Friday, September 28, 2012

Gregg Easterbrook - Is This Really the WORST PLAY?

I usually go through Gregg Easterbrook's Tuesday Morning Quarterback pretty quickly, since most of what he says is anecdotal bullshit.  But occassionally I'll read something he's written about a play I didn't see, and then I'll try to find the play.  It just so happens that this week's "worst play of the season, so far" was easy to find.  I'll let Gregg tell you about it.

Single Worst Play of the Season -- So Far: Michael Vick fumbled near the Arizona goal line on a play that began with six seconds remaining before intermission. James Sanders of the Cardinals recovered and was racing up the sideline. By the time he reached midfield, only two Eagles were even attempting to chase him -- though the clock expired during the play. All Philadelphia had to do was push Sanders out-of-bounds, and the half would have ended without Arizona scoring. Instead nine of 11 Eagles quit on the play, and Arizona got a touchdown.

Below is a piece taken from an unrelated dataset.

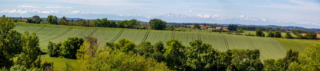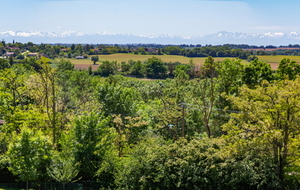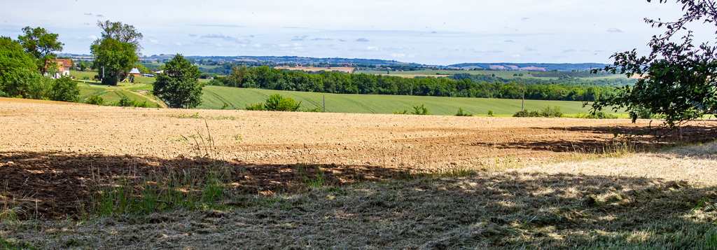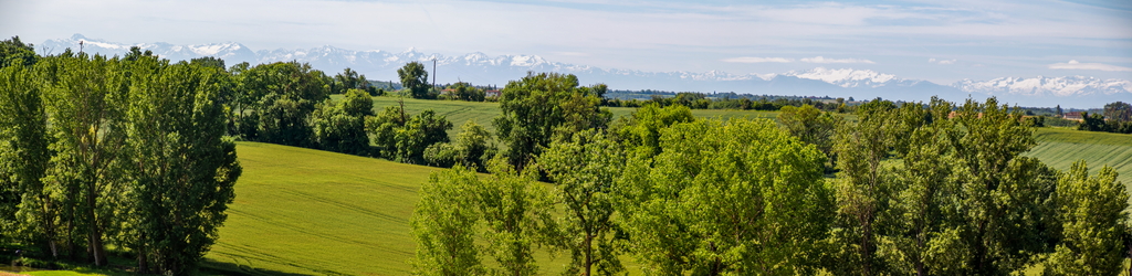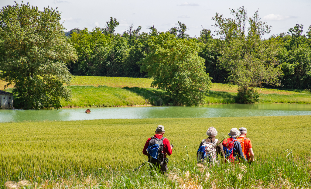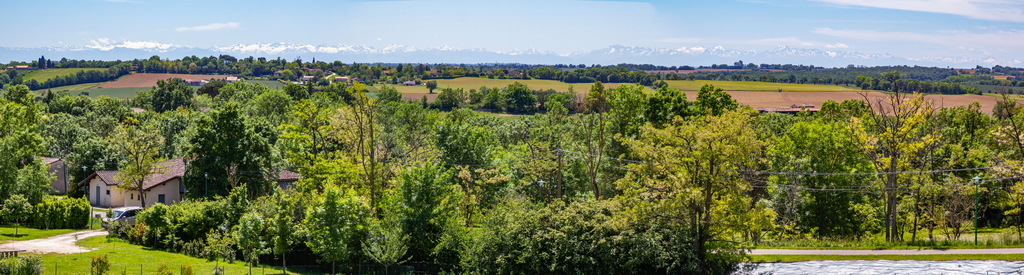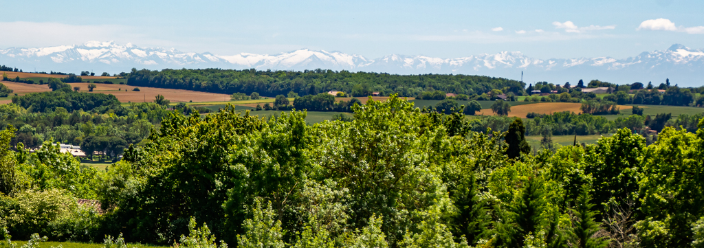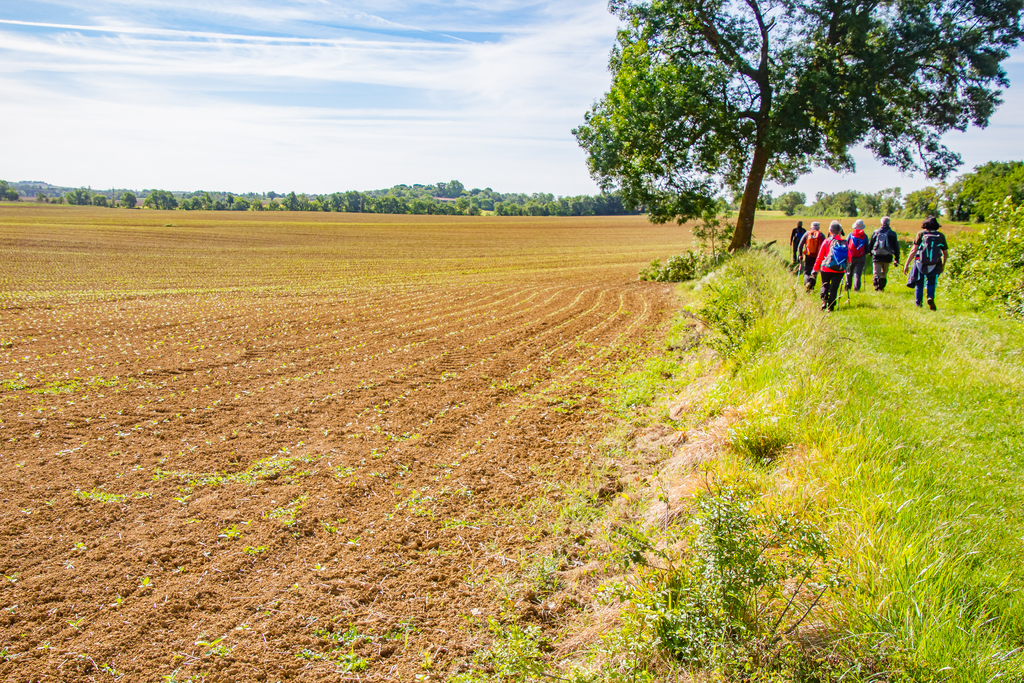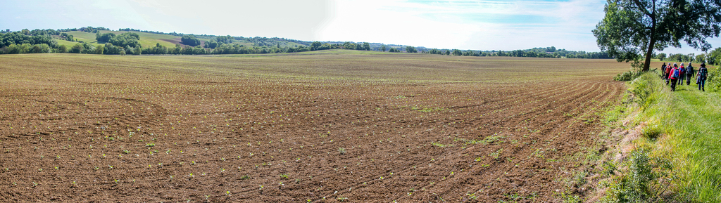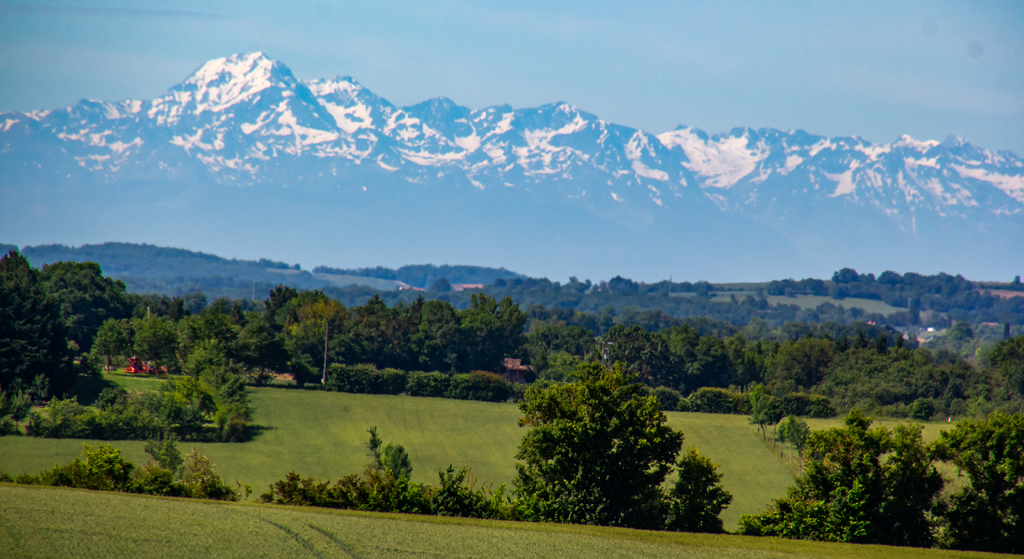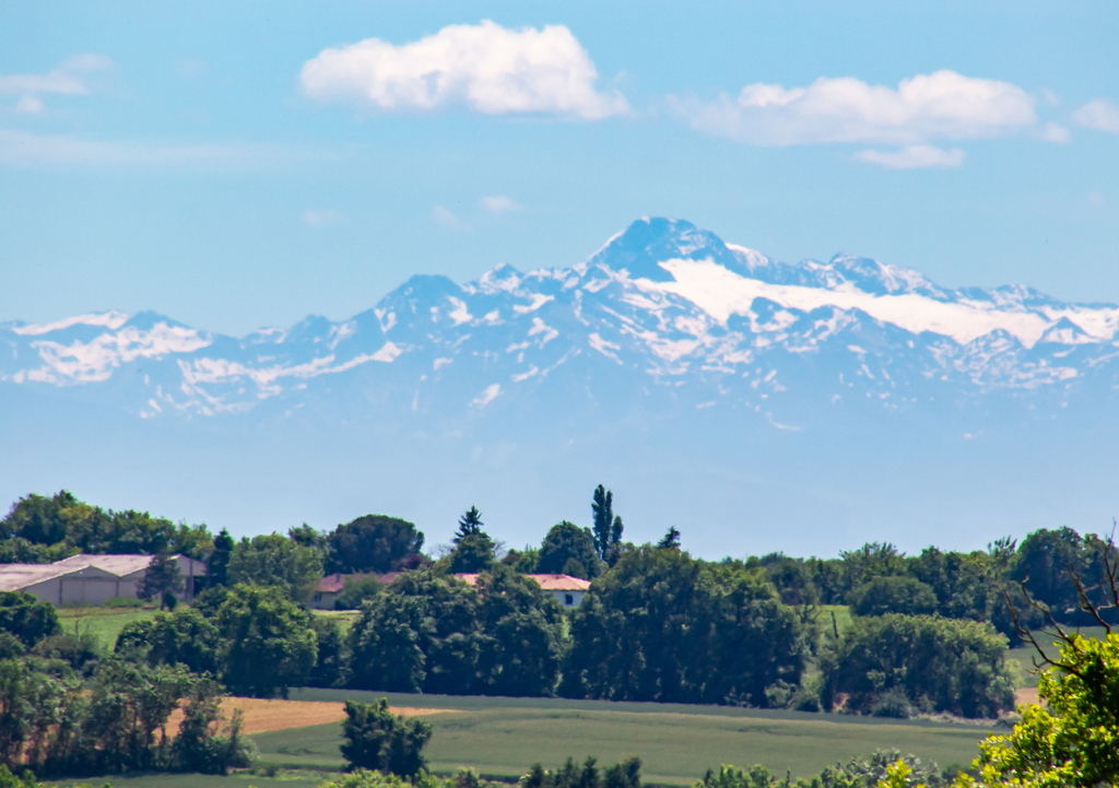 Direction La Hourcade par le chemin de Catonvielle à Cologne pour rejoindre la D 249 (superbe vue sur la chaine pyrénéenne) et St Germier : halte au beau moulin château. Chemin de St Germier à Cologne pour passer à Barré, Estingoy, Barberon, Les Téoules, rejoindre un chemin rural, retraverser le Sarrampion et arriver à Thoux pour la pause repas aux bords des fossés d'un ancien château disparu.

Philadelphia Eagles offense, you are guilty of the single worst play of the season. So far.


Here is the play (courtesy of The Big Lead).  Go watch it.  Yeah, I'm way to lazy to embed something.

Who, the fuck, was going to catch James Sanders here?  Who had a snowballs chance in hell of pushing him out of bounds?

Easterbrook makes it sounds like 5 guys could have given chase but said..."aww maaaaaan...I don't want to run....that's haaarrrrrd."

When Sanders picks up the ball he is already in front of all but 1 Eagle, and he already running in the direction of the endzone.   Sanders is immediately swarmed by FOUR Cardinals who were running at the fumble and are therefore now running stride for stride with him to block potential tacklers.  In fact, when he is chased down, one of his blockers takes care of clearing his path again.

Receivers and tight ends, as you can imagine, were not close to the ball and were not in a position to react quick enough to do much....though everyone gave chase until it was clear that they had no chance.  Linemen had no hope.

All they had to do was simply push Sanders out of bounds!  Well, they actually needed to (mostly likely) change direction, make up 10-20 or so yards, run down a pretty fast guy, and get by his blockers and catch up to him, and push him out of bounds.